PROBLEM DETAILS: Repeat all of the data below word for word, keeping no images.

Items from a data source:
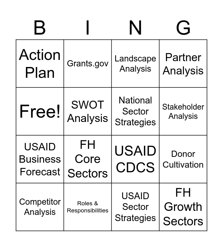 This bingo card has 16 words: Roles & Responsibilities, Donor Cultivation, Landscape Analysis, Action Plan, USAID Business Forecast, Grants.gov, USAID CDCS, USAID Sector Strategies, Free!, SWOT Analysis, Competitor Analysis, Partner Analysis, FH Core Sectors, Stakeholder Analysis, National Sector Strategies and FH Growth Sectors.
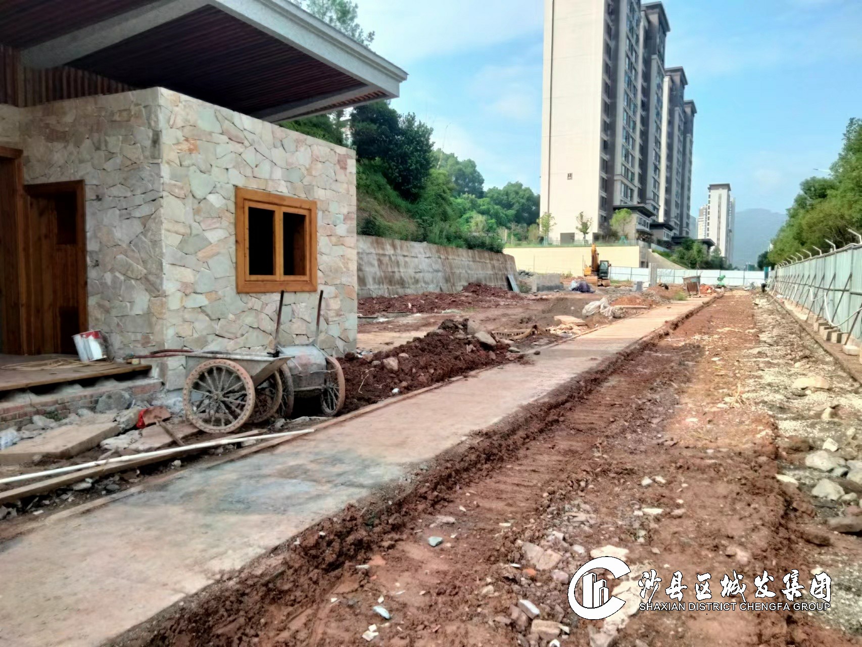 完成土方回填300立方米。完成景观孤形矮墙文化石黏贴,景观小山包种植土回填,累计完成总工程量的30%。
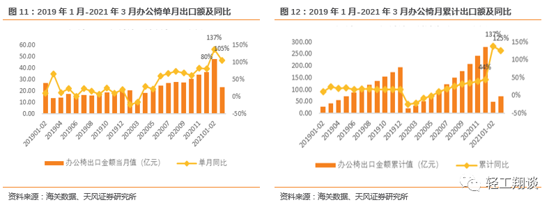 功能办公椅需求高增,Q1办公椅(海关编码940130可调高度的转动坐具)出口额为70.92亿人民币,较19年同期增长75.8%。21年3月单月实现出口额23.22亿元,较21年2月单月出口16.91亿元有所增长,较19年3月的13.61亿元提升70.53%。
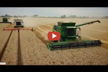 Slowakei — Getreideernte 2022 mit 7 Erntemaschinen (John Deere und Claas Lexion) auf einem 190 ha großen Grundstück. — Števo7
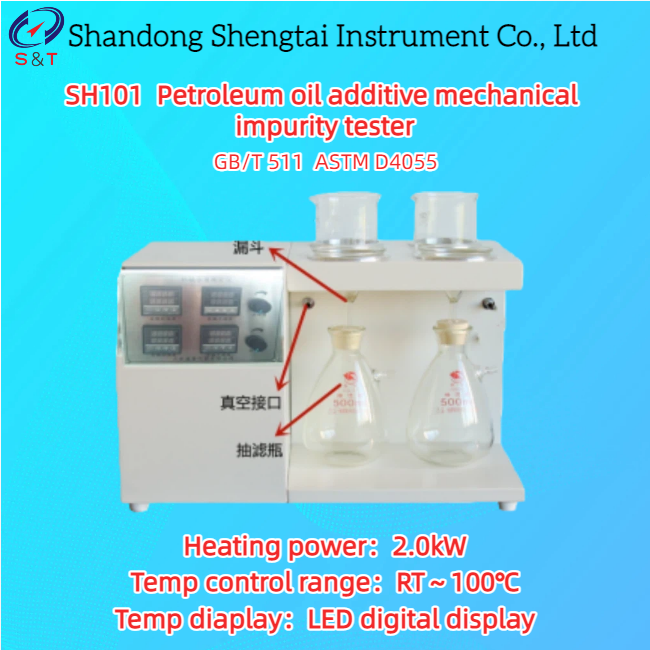 El probador de impurezas mecánicas SH101 está diseñado de acuerdo con los requisitos de la norma nacional GB/T 511 "Método de determinación de impurezas mecánicas de productos de petróleo y aditivos (método de peso)". Es adecuado para la determinación del contenido de impurezas mecánicas de todo tipo de aceites ligeros y pesados, aceites lubricantes y aditivos en productos de petróleo.
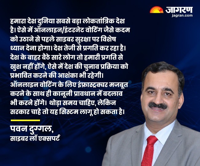 इंटरनेट के जरिये वोटिंग को लेकर साइबर लॉ एक्सपर्ट पवन दुग्गल का कहना है कि हमारा देश दुनिया सबसे बड़ा लोकतांत्रिक देश है। ऐसे में ऑनलाइन/इंटरनेट वोटिंग जैसे कदम को उठाने से पहले साइबर सुरक्षा पर विशेष ध्यान देना होगा। भारत तेजी से प्रगति कर रहा है। देश के बाहर बैठे सारे लोग तो हमारे देश की प्रगति से खुश नहीं होंगे, ऐसे में देश की चुनाव प्रक्रिया को प्रभावित करने की आशंका भी रहेगी। ऑनलाइन वोटिंग के लिए इंफ्रास्ट्रक्चर मजबूत करने के साथ ही कानूनी प्रावधान में बदलाव भी करने होंगे।
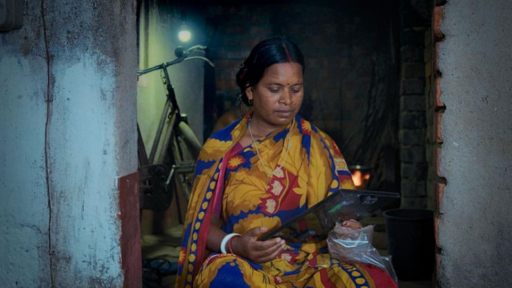 Parboti Hernnoud betrachtet zuhause ein Foto

RESULT FOR THIS EXERCISE:
 This bingo card has 16 words: Roles & Responsibilities, Donor Cultivation, Landscape Analysis, Action Plan, USAID Business Forecast, Grants.gov, USAID CDCS, USAID Sector Strategies, Free!, SWOT Analysis, Competitor Analysis, Partner Analysis, FH Core Sectors, Stakeholder Analysis, National Sector Strategies and FH Growth Sectors.
 完成土方回填300立方米。完成景观孤形矮墙文化石黏贴,景观小山包种植土回填,累计完成总工程量的30%。
 功能办公椅需求高增,Q1办公椅(海关编码940130可调高度的转动坐具)出口额为70.92亿人民币,较19年同期增长75.8%。21年3月单月实现出口额23.22亿元,较21年2月单月出口16.91亿元有所增长,较19年3月的13.61亿元提升70.53%。
 Slowakei — Getreideernte 2022 mit 7 Erntemaschinen (John Deere und Claas Lexion) auf einem 190 ha großen Grundstück. — Števo7
 El probador de impurezas mecánicas SH101 está diseñado de acuerdo con los requisitos de la norma nacional GB/T 511 "Método de determinación de impurezas mecánicas de productos de petróleo y aditivos (método de peso)". Es adecuado para la determinación del contenido de impurezas mecánicas de todo tipo de aceites ligeros y pesados, aceites lubricantes y aditivos en productos de petróleo.
 इंटरनेट के जरिये वोटिंग को लेकर साइबर लॉ एक्सपर्ट पवन दुग्गल का कहना है कि हमारा देश दुनिया सबसे बड़ा लोकतांत्रिक देश है। ऐसे में ऑनलाइन/इंटरनेट वोटिंग जैसे कदम को उठाने से पहले साइबर सुरक्षा पर विशेष ध्यान देना होगा। भारत तेजी से प्रगति कर रहा है। देश के बाहर बैठे सारे लोग तो हमारे देश की प्रगति से खुश नहीं होंगे, ऐसे में देश की चुनाव प्रक्रिया को प्रभावित करने की आशंका भी रहेगी। ऑनलाइन वोटिंग के लिए इंफ्रास्ट्रक्चर मजबूत करने के साथ ही कानूनी प्रावधान में बदलाव भी करने होंगे।
 Parboti Hernnoud betrachtet zuhause ein Foto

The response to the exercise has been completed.